*WHAT THIS TASK INVOLVES:*
In the data below, set down exactly the lines from the one containing "Siyah keten gömlek, uzun" up to and including the one containing "A plot of training". Leave the pictures out.

*DATA FOR THIS TASK:*

▬▬▬▬▬▬

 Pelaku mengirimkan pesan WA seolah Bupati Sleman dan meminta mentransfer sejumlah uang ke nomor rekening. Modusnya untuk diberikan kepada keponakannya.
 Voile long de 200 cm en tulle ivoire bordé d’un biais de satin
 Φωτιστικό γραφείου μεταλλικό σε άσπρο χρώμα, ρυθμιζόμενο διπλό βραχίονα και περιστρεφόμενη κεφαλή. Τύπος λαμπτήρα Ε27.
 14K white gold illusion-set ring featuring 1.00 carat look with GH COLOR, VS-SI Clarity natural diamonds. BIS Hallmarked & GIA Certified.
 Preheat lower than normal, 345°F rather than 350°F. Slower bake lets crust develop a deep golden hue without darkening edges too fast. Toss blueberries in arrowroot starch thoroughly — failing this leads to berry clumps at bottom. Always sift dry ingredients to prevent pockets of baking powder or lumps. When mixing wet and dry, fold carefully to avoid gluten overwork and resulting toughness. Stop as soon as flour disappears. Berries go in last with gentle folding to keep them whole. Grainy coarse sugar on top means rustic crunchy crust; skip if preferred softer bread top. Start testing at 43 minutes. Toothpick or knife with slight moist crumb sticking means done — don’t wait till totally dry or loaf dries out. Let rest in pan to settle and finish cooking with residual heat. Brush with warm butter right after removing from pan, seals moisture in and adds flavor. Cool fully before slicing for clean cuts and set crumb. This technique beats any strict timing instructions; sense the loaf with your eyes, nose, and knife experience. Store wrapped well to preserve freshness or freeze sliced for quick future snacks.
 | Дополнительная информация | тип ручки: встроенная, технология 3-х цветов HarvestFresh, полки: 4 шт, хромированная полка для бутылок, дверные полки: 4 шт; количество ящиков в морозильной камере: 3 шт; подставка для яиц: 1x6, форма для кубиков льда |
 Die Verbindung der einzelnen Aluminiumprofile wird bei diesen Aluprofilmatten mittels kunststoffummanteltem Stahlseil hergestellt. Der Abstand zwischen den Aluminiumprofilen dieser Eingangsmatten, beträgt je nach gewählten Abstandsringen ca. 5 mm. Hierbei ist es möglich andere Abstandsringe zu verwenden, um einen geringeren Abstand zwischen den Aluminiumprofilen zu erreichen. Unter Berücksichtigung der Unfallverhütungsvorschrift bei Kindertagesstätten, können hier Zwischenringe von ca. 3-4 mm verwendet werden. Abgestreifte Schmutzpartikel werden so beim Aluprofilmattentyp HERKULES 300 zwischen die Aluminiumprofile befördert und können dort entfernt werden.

▬▬▬▬▬▬

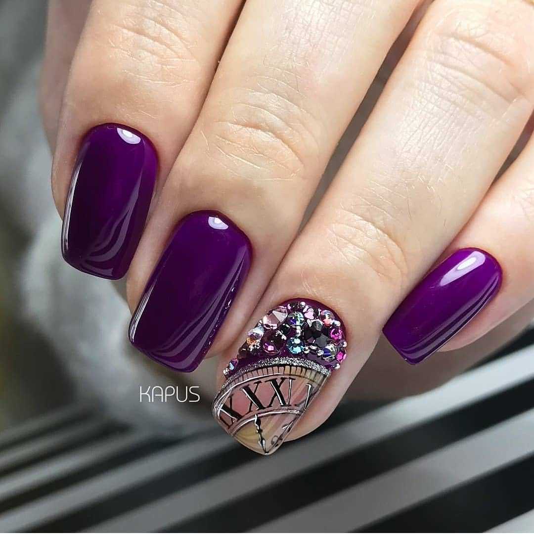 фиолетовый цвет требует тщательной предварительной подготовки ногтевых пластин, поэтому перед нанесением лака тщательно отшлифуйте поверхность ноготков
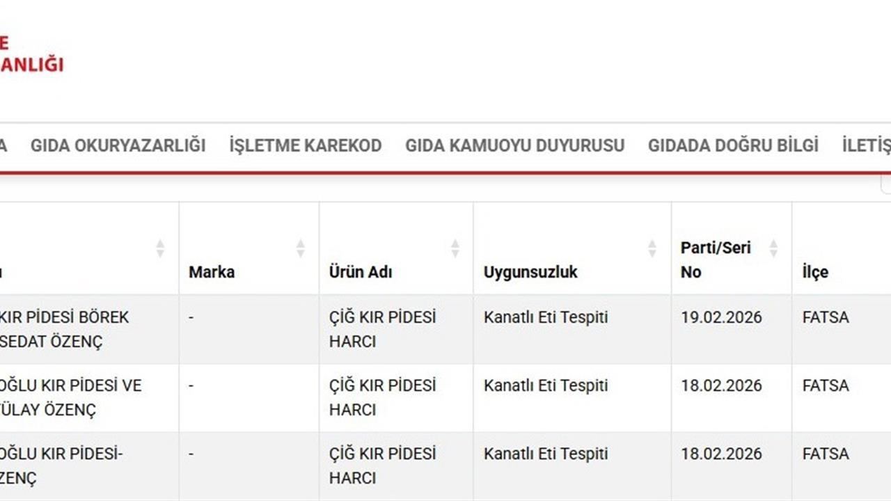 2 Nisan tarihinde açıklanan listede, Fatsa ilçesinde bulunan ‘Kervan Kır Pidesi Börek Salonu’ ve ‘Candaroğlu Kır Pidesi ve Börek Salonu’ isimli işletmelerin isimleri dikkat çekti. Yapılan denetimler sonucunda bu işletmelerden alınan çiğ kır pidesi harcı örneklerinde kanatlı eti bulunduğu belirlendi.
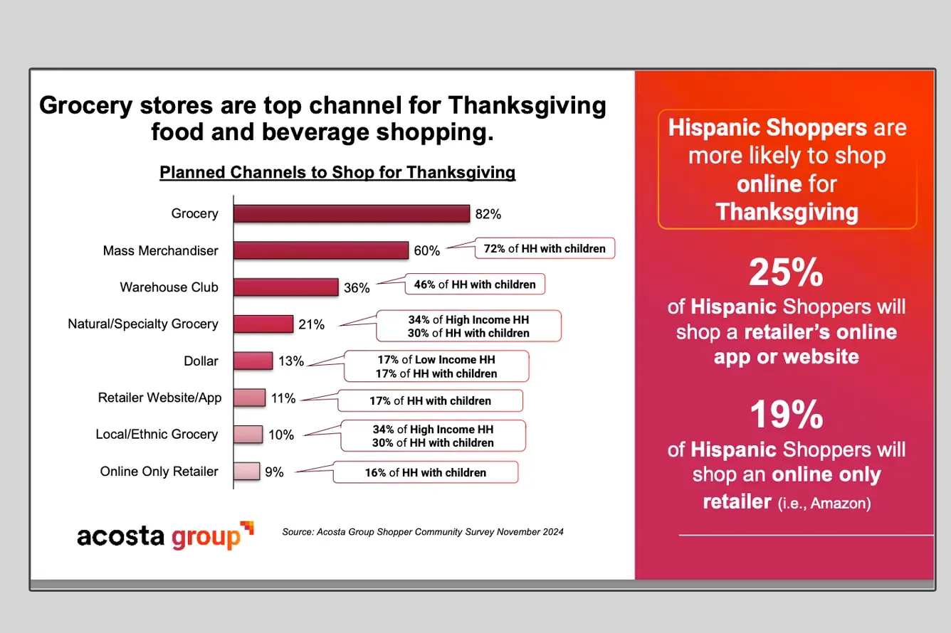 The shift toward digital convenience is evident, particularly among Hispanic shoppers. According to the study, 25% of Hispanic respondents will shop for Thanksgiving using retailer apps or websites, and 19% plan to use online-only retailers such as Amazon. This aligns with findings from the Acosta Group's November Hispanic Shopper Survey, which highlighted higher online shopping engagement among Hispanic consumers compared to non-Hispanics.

▬▬▬▬▬▬

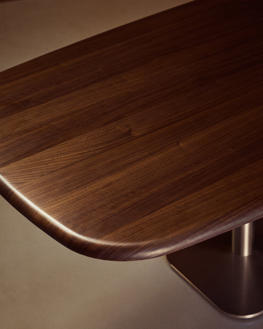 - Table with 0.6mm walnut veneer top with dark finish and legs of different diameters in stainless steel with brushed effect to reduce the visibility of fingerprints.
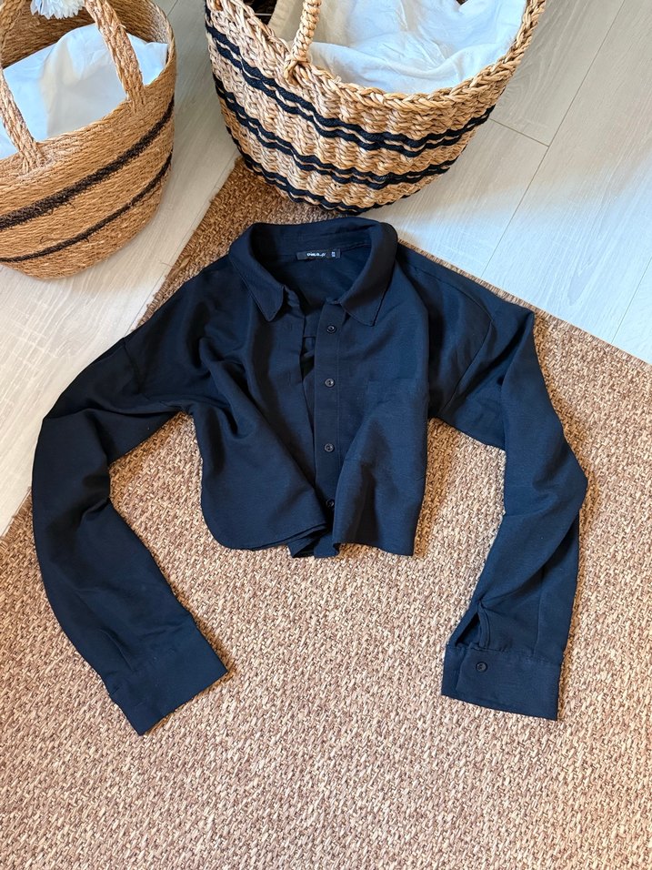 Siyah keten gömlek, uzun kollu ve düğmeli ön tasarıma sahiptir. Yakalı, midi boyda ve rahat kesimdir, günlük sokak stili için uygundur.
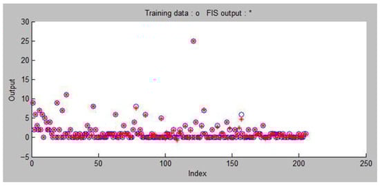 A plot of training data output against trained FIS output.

▬▬▬▬▬▬

*SOLUTION TO THIS PROBLEM:*
 Siyah keten gömlek, uzun kollu ve düğmeli ön tasarıma sahiptir. Yakalı, midi boyda ve rahat kesimdir, günlük sokak stili için uygundur.
 A plot of training data output against trained FIS output.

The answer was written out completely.